Тетя Марина сокрушалась – и в жарко натопленной кипятильне спит, не раздеваясь. Даже шапку с него снять или шарф развязать без слез невозможно. А уговорить или заставить помыться… Легче столб, чем Олега. Силком мыли. Хлеб крошит на микроскопические кусочки, скатывает в шарики, со спичечную головку величиной, и укладывает в коробочку.
Вот и в тот раз, когда видел его Миша, оторвет Олег руки от печного стояка, отвернется ото всех, чтобы богатства его не видели, откроет маленькую жестяную коробочку, достанет шарик из коробочки, в рот положит, губы плотно сожмет. Коробочку закроет, проверит, хорошо ли крышка закрылась, сверху резинку потуже натянет и в карман уберет. И карман проверит, не выпадет ли нечаянно коробочка, и клапаном карманным прикроет, и клапан раза два, а то и три ладошкой пригладит, прижмет потеснее к карману. Так надежнее.
После этого сам прижимается к печному стояку животом и ладонями, и щекой и медленно и сладко рассасывает тот крохотный шарик. Рассосет, достанет коробочку и повторит в точности от начала до конца весь ритуал извлечения и вкушения хлебного шарика.
Печальный, сгорбленный все время, пока видел его Миша, жмущийся к печке, голова втянута в плечи и, сверх того, с затылка и ушей прикрыта поднятым воротником, рукава спущены до пальцев и ниже, насколько одежды хватало.
Его раздражало все. Шум, громкий разговор, резкие стуки, музыка и даже улыбка взрослых.

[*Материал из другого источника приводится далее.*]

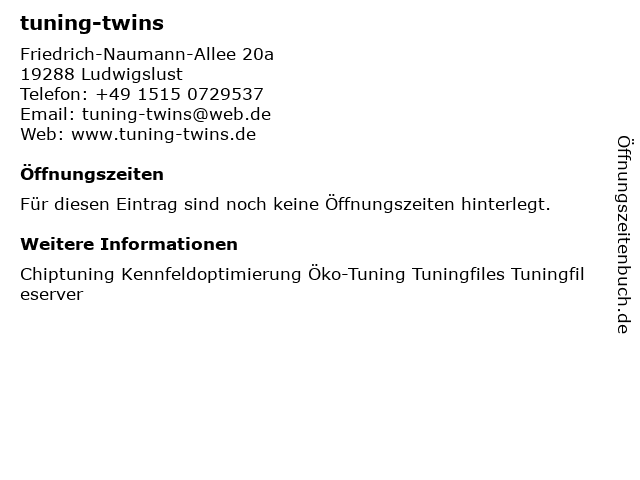 | Öffnungszeiten tuning-twins in Ludwigslust anzeigen | |
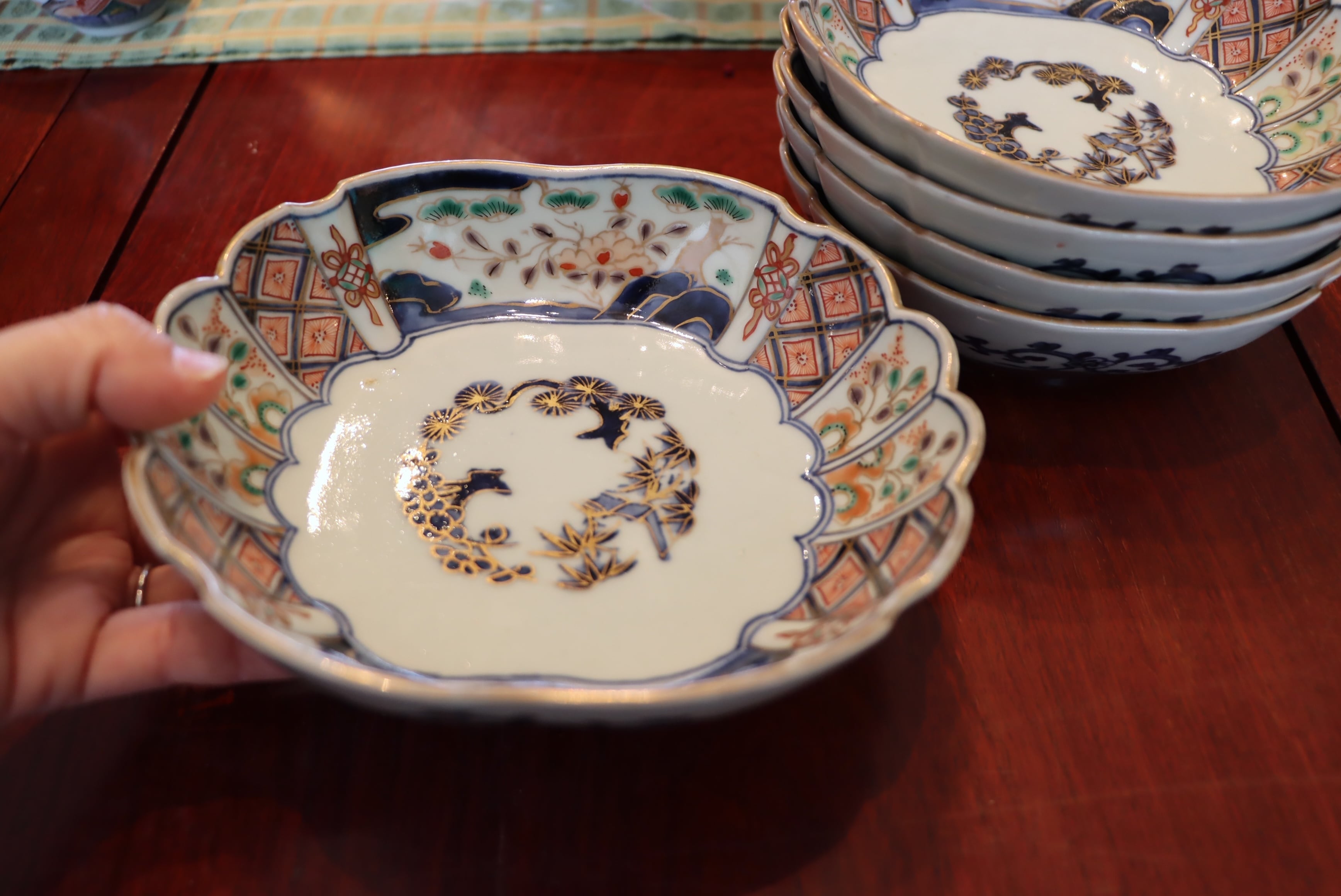 古伊万里 色絵 松竹梅文 木瓜形 変形皿/Old Imari quince shaped plate

На обеденный перерыв зашел в тепло и за кипяточком жилконторовский плотник Борька Фокин, мальчишка тремя годами старше Миши. До войны он учился в 101-й школе Выборгского района, окончил семь классов. В начале войны помогал переоборудовать свою школу под госпиталь, потом перебросили его на строительство дзотов на Втором Муринском и на проспекте Карла Маркса. Там обучился топор да иной плотничий инструмент в руках держать и невзгоды переносить. На строительстве дзотов работа сама по себе тяжелая да, мало того, чуть не каждый день то обстрел, то бомбежка.